- Born: January 13, 1984 (age 42) Moscow, Soviet Union
- Height: 6 ft 3 in (191 cm)
- Weight: 180 lb (82 kg; 12 st 12 lb)
- Position: Left wing
- Shot: Left
- KHL team: free agent
- Played for: Molot-Prikamye Perm Neftekhimik Nizhnekamsk Amur Khabarovsk Sibir Novosibirsk HC MVD Dynamo Moscow Salavat Yulaev Ufa
- NHL draft: 50th overall, 2002 Los Angeles Kings
- Playing career: 2002–2011

= Sergei Anshakov =

Russian ice hockey player (born 1984)

Sergei Anshakov (born January 13, 1984) is a Russian former ice hockey left wing. Anshakov was drafted by the Los Angeles Kings in the 2002 NHL entry draft. He began playing in the Russian Super League in 2002 with CSKA Moscow. In 2003, Anshakov was dealt with Martin Strbak to the Penguins for Martin Straka.
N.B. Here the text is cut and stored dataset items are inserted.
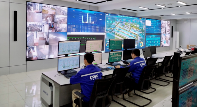 信息賦能,生產(chǎn)與數(shù)字技術(shù)深度融合。建立兩級運營指揮中心,重要產(chǎn)線現(xiàn)場實時監(jiān)控,關(guān)鍵經(jīng)濟(jì)指標(biāo)及時更新;水處理產(chǎn)業(yè)建成船舶配套領(lǐng)域首個智能工廠,風(fēng)電產(chǎn)業(yè)打造成具有行業(yè)特色成型智能制造車間。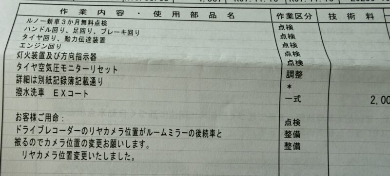 キャプチャーの納車(2025年8月8日)から早いもので3ヶ月が経ち、初回点検を行ってきました。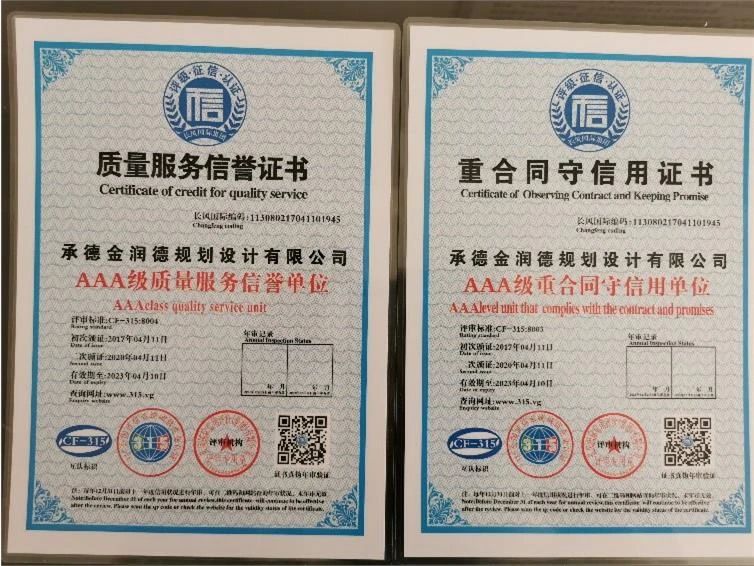 示范單位證書”、“AAA級質(zhì)量服務(wù)榮譽(yù)證書”、“AAA級重合同守信用證書”并得到了“AAA級信用單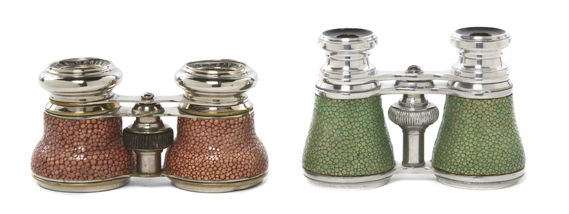 Two Pairs of Shagreen Mounted Chromed Opera Glasses,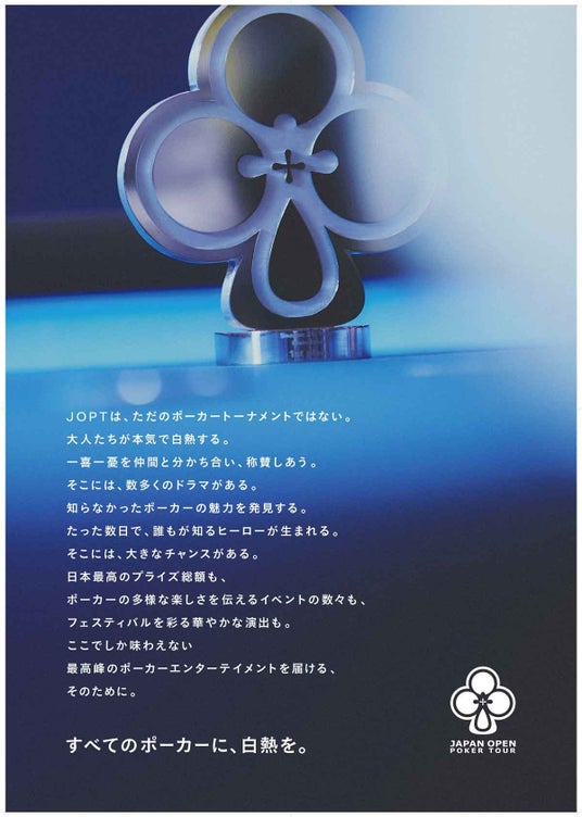 「すべてのポーカーに、白熱を。」というタグラインを掲げ、日本でのポーカーの普及とアジア No.1を目指す大会作りに取り組んでいます。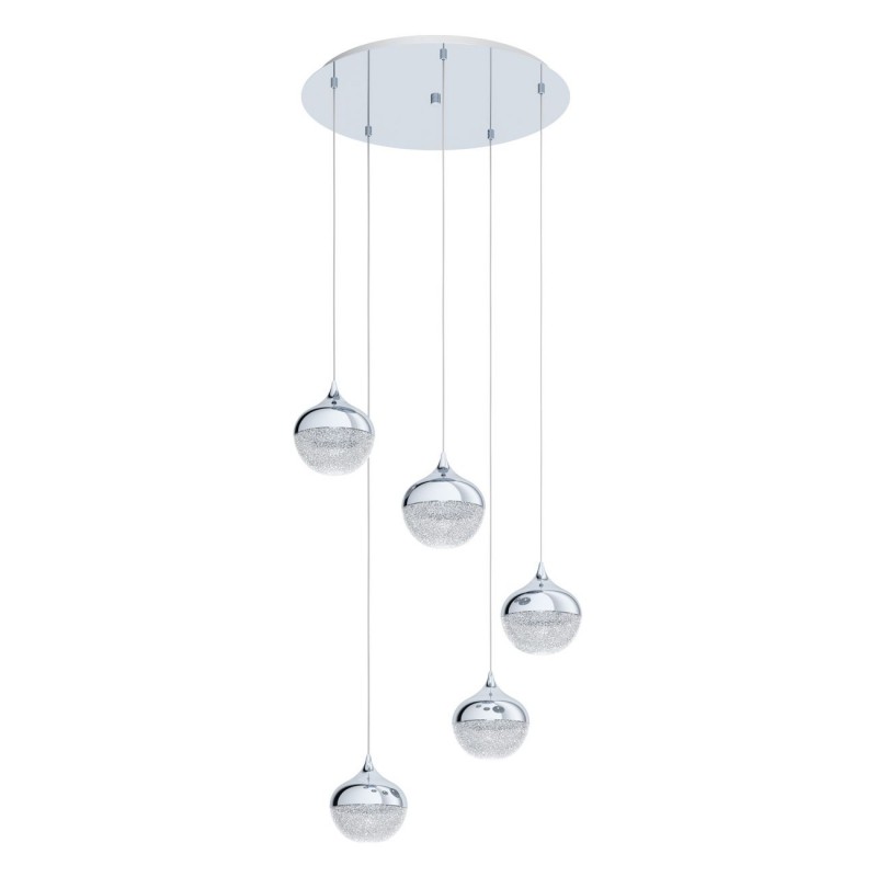 Interessante moderne Kronleuchter, besonders geeignet für Wohnzimmer, Küche und Esszimmer. Der Sockel besteht aus chromfarbenem Stahl und der kugelförmige Lampenschirm aus klarem Kunststoff mit weißen Körnchen, die bei Beleuchtung funkeln und der Lampe einen Hauch von Luxus verleihen. |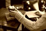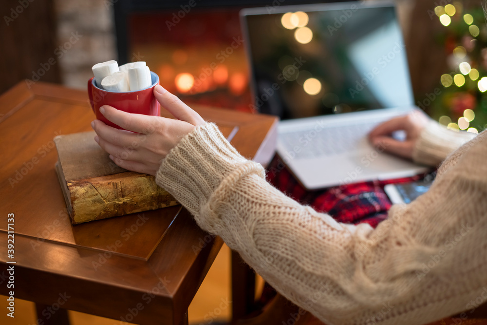Close up, cropped woman hand typing on laptop enjoying with cup of hot chocolate and marshmallow working in christmas time near fireplace with christmas tree.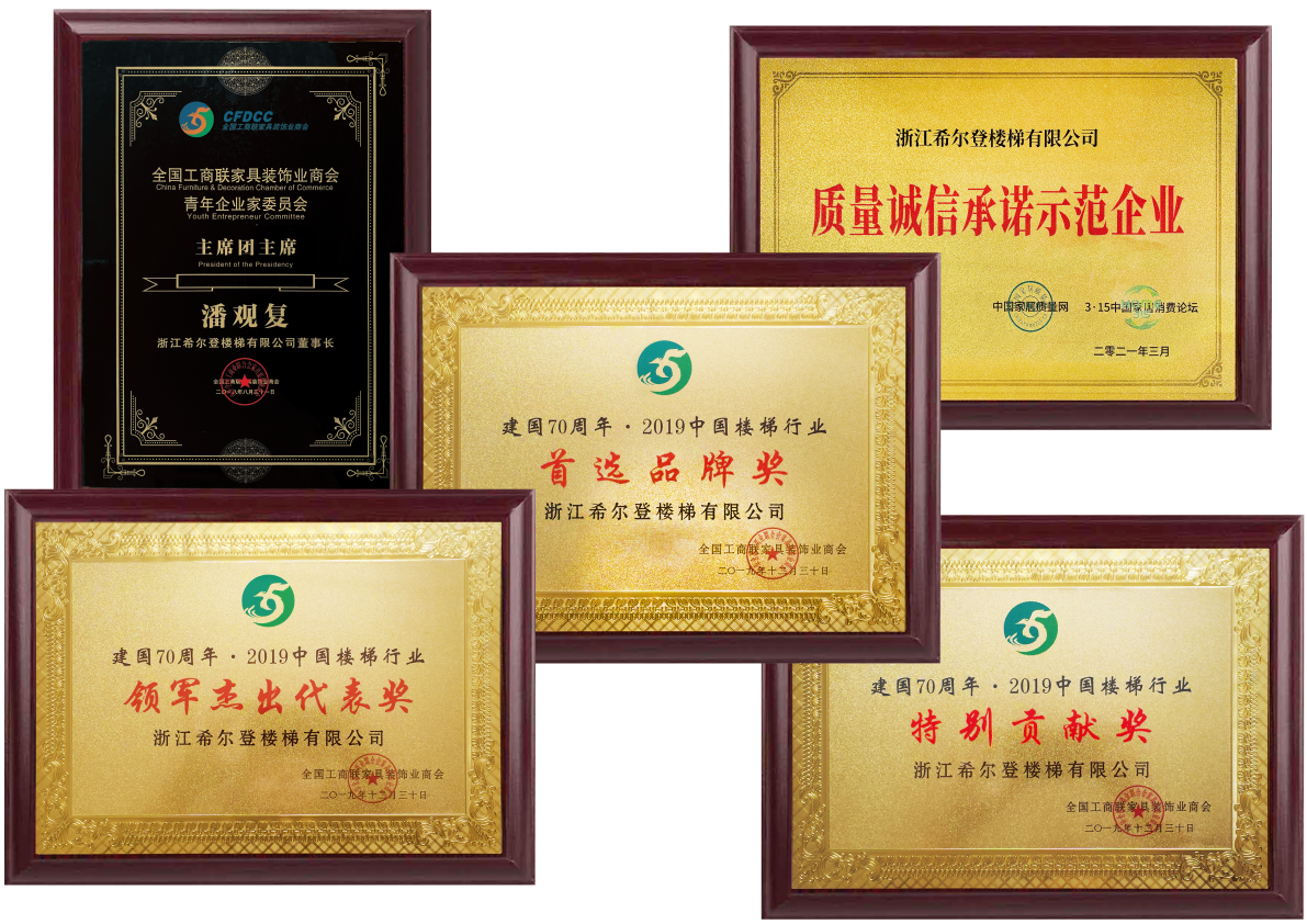 在不斷提升希爾登品牌和企業(yè)實(shí)力的同時(shí),希爾登一直熱心參與樓梯行業(yè)的健康發(fā)展;參與創(chuàng)立全國(guó)工商聯(lián)樓梯專委會(huì)并被推選為中國(guó)樓梯品牌聯(lián)盟執(zhí)行主席和樓梯專委會(huì)執(zhí)行會(huì)長(zhǎng);憑借在行業(yè)內(nèi)的專業(yè)地位,希爾登參與了《木質(zhì)樓梯》,《木質(zhì)樓梯安裝驗(yàn)收和使用規(guī)范》,《住宅內(nèi)用樓梯》,《建筑用玻璃與金屬護(hù)欄》四個(gè)國(guó)家和行業(yè)標(biāo)準(zhǔn)的起草工作。先后榮獲“中國(guó)樓梯十大品牌”、“金木樓梯領(lǐng)軍品牌”、“中國(guó)泛家居發(fā)展中企業(yè)500強(qiáng)”、“中國(guó)家裝行業(yè)金鉆獎(jiǎng)”、“金屬木質(zhì)樓梯一級(jí)資質(zhì)”等二十多個(gè)榮譽(yù)和稱號(hào)。我們幾乎參與和見證中國(guó)樓梯發(fā)展歷程中的所有重大事件。希爾登過去,現(xiàn)在和未來都是中國(guó)樓梯的標(biāo)桿企業(yè)。

On June 7, 2010 Anshakov was transferred from CSKA Moscow to Molot-Prikamie Perm of the Vysshaya Hokkeinaya Liga. He played ten regular season games with the team, scoring two goals and two assists. Anshakov also scored two goals in three post-season appearances during the 2010-11 VHL season.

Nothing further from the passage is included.